Niche-level immune evasion in TP53 mutant AML residual disease revealed by spatial proteomics

Measurable (or minimal) residual disease (MRD) predicts relapse in patients with acute myeloid leukemia (AML). However, the biological and spatial characteristics of the AML bone marrow (BM) microenvironment (BMME) in which MRD cells survive remain largely unexplored; in particular, little is known of the BMME in TP53 mutant ( TP53 ^mut ) AML. Here, we applied sequential immunofluorescence to whole BM biopsy specimens obtained from patients with TP53 wild-type ( TP53 ^WT ) AML and TP53 ^mut AML at diagnosis and in morphological complete remission (CR) to generate a comprehensive spatial map of the hematopoietic and BMME components. We identified TP53 ^mut leukemia cells based on high p53 expression and delineated their spatial organization relative to stromal and immune niches.

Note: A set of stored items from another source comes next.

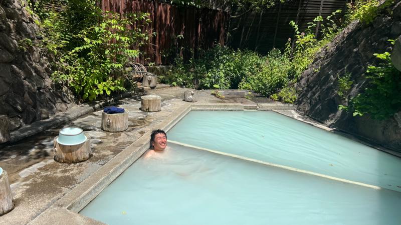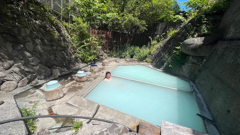 外の露天風呂だけということで案内してもらって露天風呂に行きました。
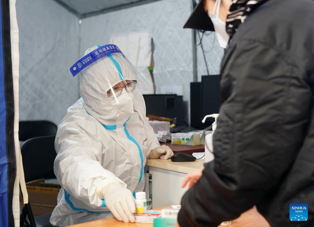 A medical worker passes medicine to a citizen in a makeshift fever clinic in Guang'an Gymnasium in Beijing, capital of China, Dec. 24, 2022. (Xinhua/Zhang Chenlin)
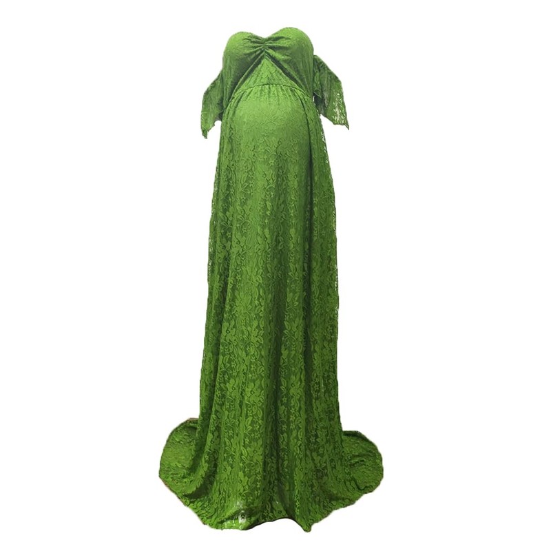 Maternity Photography Props Floral Lace Dress Fancy Pregnancy Gown for Baby Shower Photo Shoot (XL, Olive)
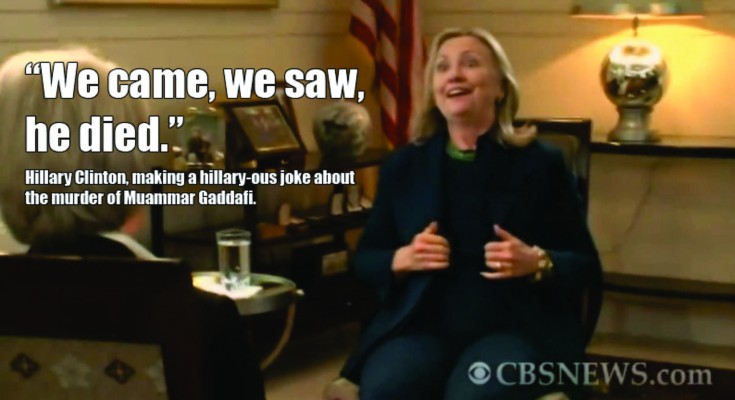 Non  occorrono prove per sapere quanto la signora Clinton si rallegri dei suoi delitti, con  una risata di trionfo che agghiaccia il cuore.  Abbiamo  un buon numero di video: quello del 20 ottobre 2011 in cui, in una intervista alla CNBC,  ride  quando apprende che in Libia è stato trucidato Gheddafi; e, emulando il detto d Cesare – Veni Vidi Vici –  se la ride: “Siamo venuti, abbiamo visto, lui è morto”.  Un anno dopo, ad essere ammazzato fu l’ambasciatore Usa in Libia Chris Stevens, che lei – la ministra – aveva lanciato in un losco  traffico di armi rubate dagli arsenali di Gheddafi per mandarle in Siria, ai jihadisti gestiti dalla Cia.
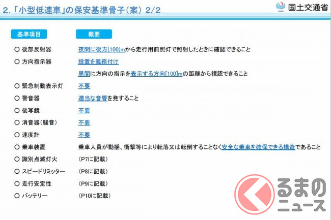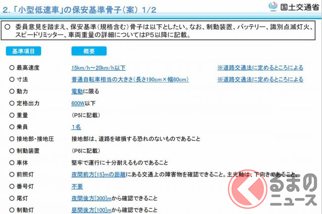 このような実態を踏まえ、当庁の有識者検討会の報告書においては、「一般的な原動機付自転車等と必ずしも同様に扱うことが適当ではないと考えられる場合があることから、最高速度や車体の大きさに着目して車両の区分を定め、それに応じた交通ルールを定めることが適当である」旨の提言がなされたところです。
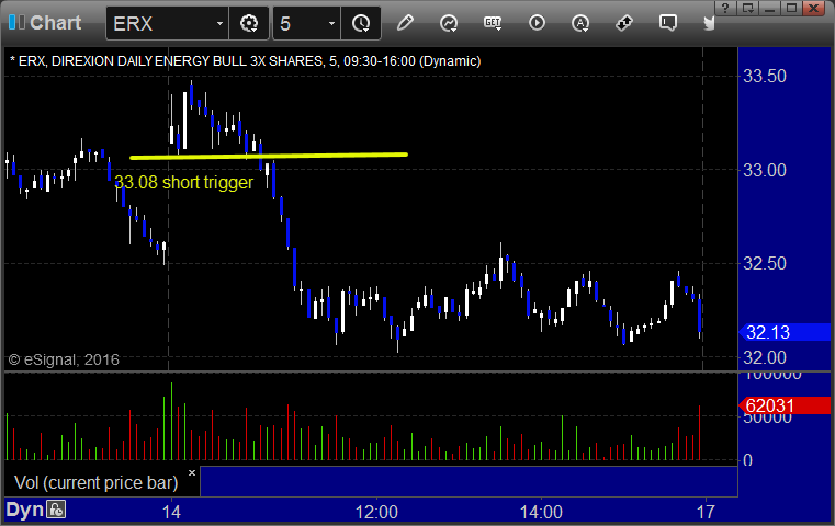 His ERX triggered short (ETF, so no market support needed) and worked great:
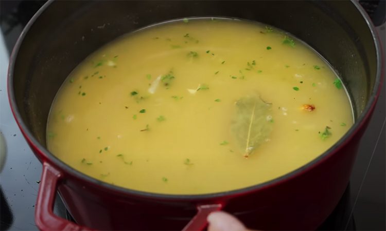 Залейте курицу холодной водой в большой кастрюле, поставьте на средний огонь, не солите. Доведите до лёгкого кипения, убавьте до минимума и снимайте пену для прозрачного бульона. Варите под чуть приоткрытой крышкой полтора-два часа, чтобы мясо стало мягким. В самом конце добавьте соль, лавровый лист, можно положить чеснок или немного имбиря по вкусу.

Biopsy-based cell composition analysis revealed marked B-cell depletion and an increased abundance of regulatory T-cells (Tregs) in TP53 ^mut BM at CR. Unlike TP53 ^WT BM, TP53 ^mut BM at CR exhibited persistent TP53 ^mut erythroid and immature leukemia cell clusters, spatially segregated from T-cell clusters, in perisinusoidal niches, suggesting niche-level immune evasion. Spatial profiling further revealed that Tregs characterized by FOXP3 upregulation were enriched near TP53 ^mut MRD cells, indicating a locally enhanced immunosuppressive activity. Single-cell RNA sequencing–based cell-cell communication analysis identified erythroid–T-cell interactions mediated by the GDF15-CD48 axis as a potential mechanism of T-cell suppression, suggesting that the erythroid differentiation of TP53 ^mut AML cells enhances local immunosuppression. Collectively, our results show a spatially organized immunosuppressive BMME in TP53 ^mut AML and highlight the potential of spatial proteomics to identify actionable MRD niches in leukemias.